EXERCISE DETAILS =
Reproduce each line below precisely. Drop the pictures.

+++ SUPPLIED INFORMATION +++

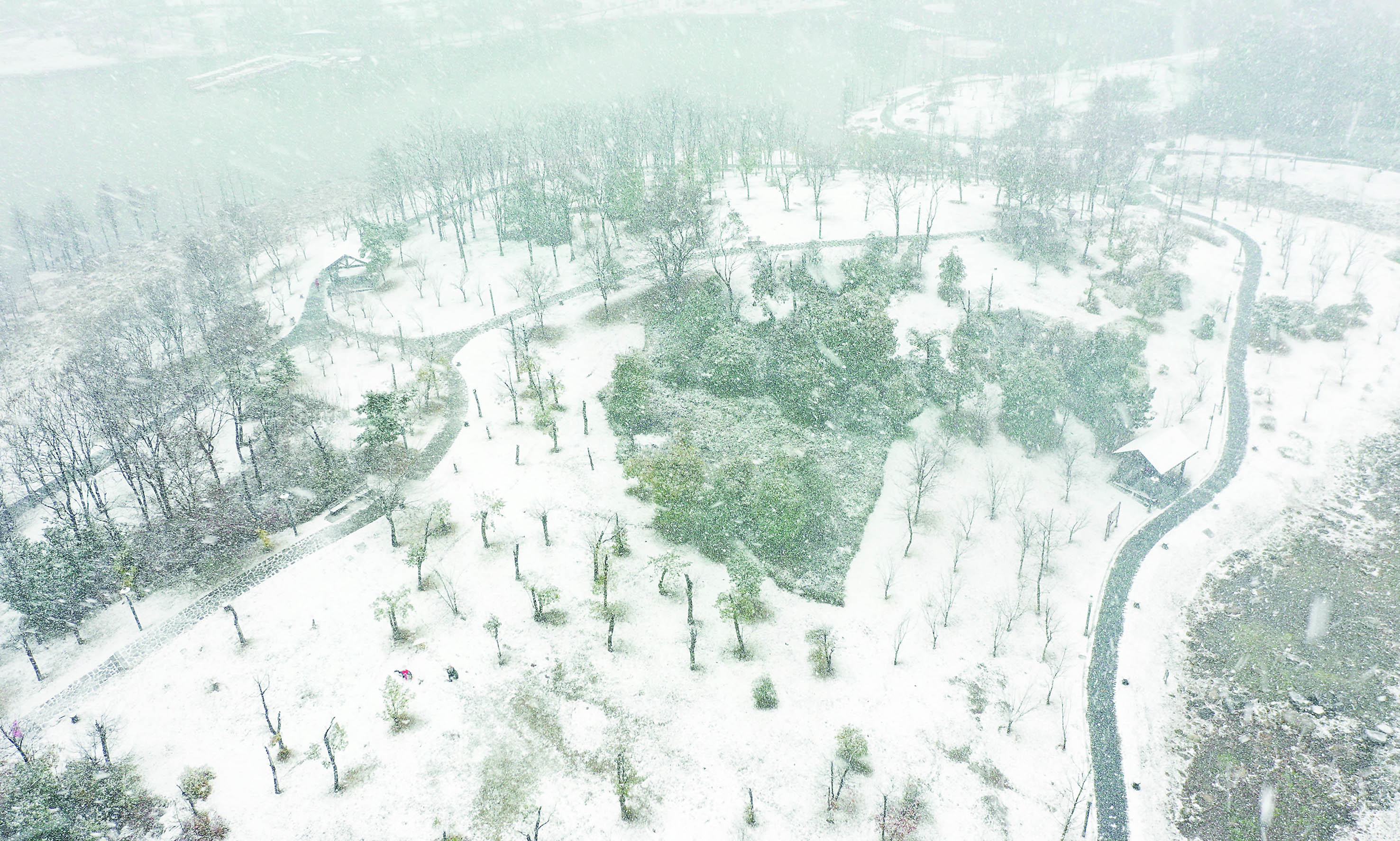 ▲2月22日,雪中的神农城白茫茫一片。株洲晚报融媒体记者/谢慧 摄
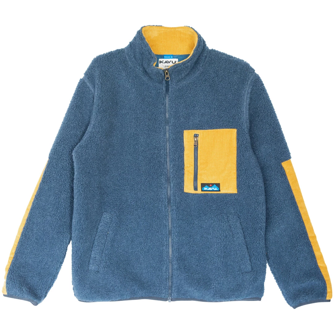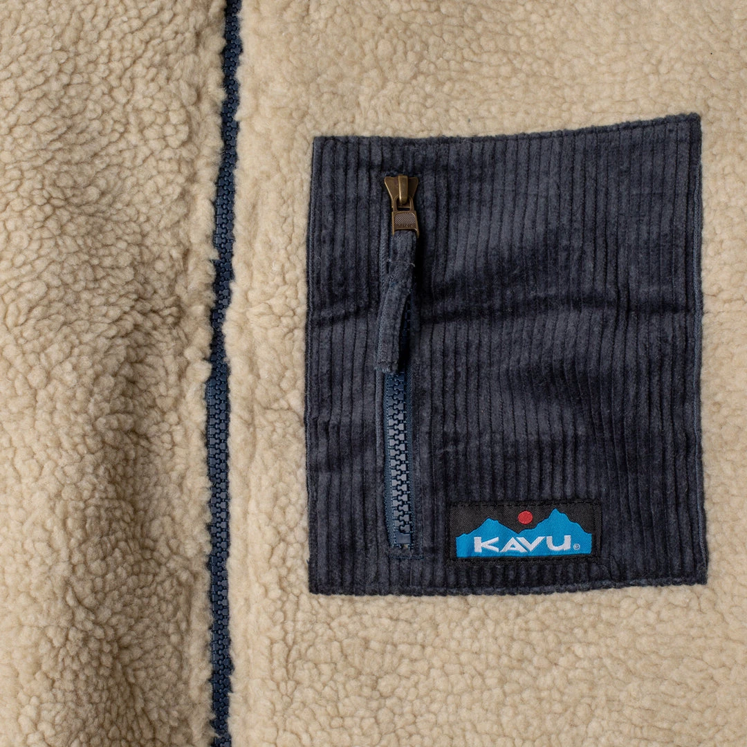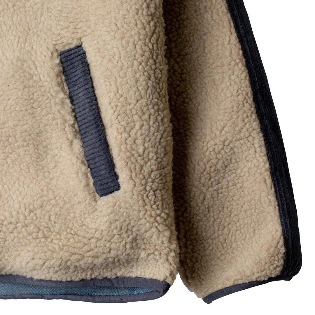 Casual fit, full zip mock neck Sherpa fleece jacket, corduroy pieced chest zip pocket, elbow patches, and inside facing, hand pockets, pop colored elastic binding on sleeve cuffs and bottom opening and zip pulls.
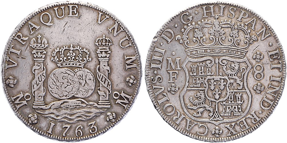 8 Reales 1763 Mo MF. KM 105. Minor edge nick obverse. VF.

+++

RESPONSE AREA =
 ▲2月22日,雪中的神农城白茫茫一片。株洲晚报融媒体记者/谢慧 摄
 Casual fit, full zip mock neck Sherpa fleece jacket, corduroy pieced chest zip pocket, elbow patches, and inside facing, hand pockets, pop colored elastic binding on sleeve cuffs and bottom opening and zip pulls.
 8 Reales 1763 Mo MF. KM 105. Minor edge nick obverse. VF.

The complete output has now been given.